AI Assistants via OpenAI and Hugging Face API
quick hands-on tutorial
Introduction
In this guide, we’ll explore the Assistant APIs from OpenAI. We will learn about the primary features of the Assistants API, including the Code Interpreter, Knowledge Retrieval, and Function Calling capabilities.
This hand-on will show how to equip Assistant’s with tools and function that would enable it to provide technical solutions by executing Python code, retrieve knowledge from the database and many more.
You’ll be also introduced to other advanced technologies from OpenAI, such as Whisper, Dalle-3, Speech to Text, and the GPT-4 vision API. These tools are essential for anyone looking to develop sophisticated AI assistants using a variety of APIs.
Then, you’ll learn how to use the free Hugging Face Inference API to get access to the thousands of models hosted on their platform.
By the end of this tutorial, you’ll gain a solid understanding on how to apply these technologies in your AI projects.
Open AI Assistant’s Built-in Functionalities
The OpenAI Assistants API includes three main functionalities: Code Interpreter, Retrieval, and Function Calling.
[Code Interpreter]
The Assistant can use Code Interpreter automatically when you upload a file with data. It’s a tool that transforms the LLM into a more accurate computational problem-solver that can handle tasks like solving complex math equations. It can also generate files with data and images of graphs from the same Python code. It’s a useful way to trust the output from the assistant and a great tool when analyzing data.
[Knowledge Retrieval]
Knowledge Retrieval is OpenAI’s own RAG system offered as part of the Assistants API. KR allows multiple uploads. Once the files are uploaded and passed to the Assistant, OpenAI will automatically chunk your documents, index them, store the embeddings, and implement vector search to retrieve relevant content to answer user queries.
[Function Calling]
Function calling allows you to describe functions or tools to the Assistant and have it return the functions that need to be called along with their arguments.
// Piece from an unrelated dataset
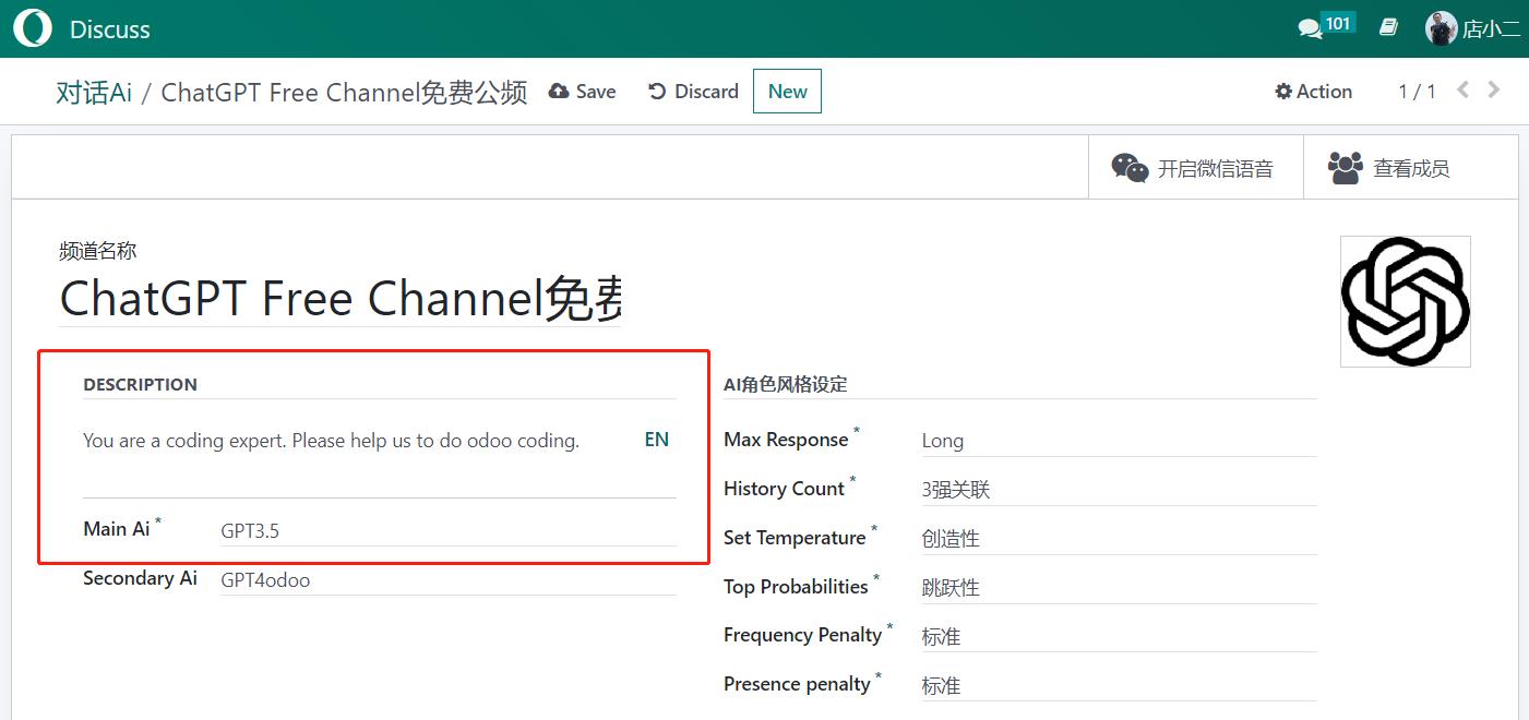 5. Bind your Ai User to Channel from Discuss. We already setup a sample.

It's a powerful way to add new capabilities to your Assistant.
How To Set Up an Assistant
You have two distinct pathways depending on your needs and expertise:
- Assistants Playground: Ideal for those looking to get a feel for the Assistant’s capabilities without going into complex integrations.
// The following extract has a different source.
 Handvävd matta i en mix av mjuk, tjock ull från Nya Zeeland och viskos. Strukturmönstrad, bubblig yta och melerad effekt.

- Detailed Integration through the API: Best suited for those who require a more customized and in-depth setup.
STEP-BY-STEP ASSISTANT CREATION:
Creating an Assistant
:
Purpose: An Assistant object represents an entity/agent that can be configured to respond to users’ messages in different ways using several parameters.
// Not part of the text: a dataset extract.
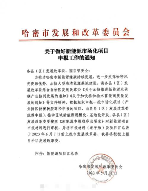 《通知》指出,為推動(dòng)哈密市新能源健康持續(xù)發(fā)展,進(jìn)一步發(fā)揮哈密風(fēng)光資源優(yōu)勢(shì),加快大型清潔能源基地建設(shè),請(qǐng)各縣(區(qū))發(fā)展改革委結(jié)合自治區(qū)發(fā)展改革委《關(guān)于加快推進(jìn)新能源及關(guān)聯(lián)產(chǎn)業(yè)協(xié)同發(fā)展的通知》《關(guān)于加快推動(dòng)抽水蓄能高質(zhì)量發(fā)展的通知》等文件精神,積極組織申報(bào)一批市場(chǎng)化項(xiàng)目(產(chǎn)業(yè)園區(qū)低碳轉(zhuǎn)型路徑申報(bào)的項(xiàng)目,由各縣(區(qū))發(fā)展改革委統(tǒng)籌申報(bào)),推動(dòng)區(qū)域新能源規(guī)?;?、基地化開發(fā)。

Model Selection: you can specify any version of GPT-3.5 or GPT-4 models, including fine-tuned models. OpenAI recommends using its latest models with the Assistants API for best results and maximum compatibility with tools. Thus, choose between gpt-3.5-turbo-1106
or gpt-4-1106-preview
models.
Tools: The Assistant supports the Code Interpreter for technical queries that require Python code execution or Knowledge Retrieval to augment the Assistant with proprietary external information.
Setting up a Thread
:
Role: A Thread acts as the foundational unit of user interaction. It can be seen as a single conversation. Pass any user-specific context and files in this thread by creating Messages.
thread = client.beta.threads.create()
Customization: In Thread, ingest user-specific contexts or attach necessary files so each conversation is unique and personalized.
Threads don’t have a size limit. You can add as many messages as you want to a conversation/Thread. The Assistant will ensure that requests to the model fit within the maximum context window, using relevant optimization techniques used in ChatGPT, such as truncation.
Adding a Message
:
Definition: Messages are user inputs, and the Assistant’s answers are appended to a Thread. User inputs can be questions or commands.
Function: They serve as the primary mode of communication between the user and the Assistant.
message = client.beta.threads.messages.create(
thread_id=thread.id,
role="user",
content="I need to solve the equation `3x + 11 = 14`. Please, help!"
)
Messages can include text, images, and other files. Messages are stored as a list on the Thread. Using GPT-4 with Vision is not supported here. You can upload images and have them processed via retrieval.
Activation: For the Assistant to respond to the user message, you must create a Run. The Assistant will then automatically decide what previous Messages to include in the context window for the model.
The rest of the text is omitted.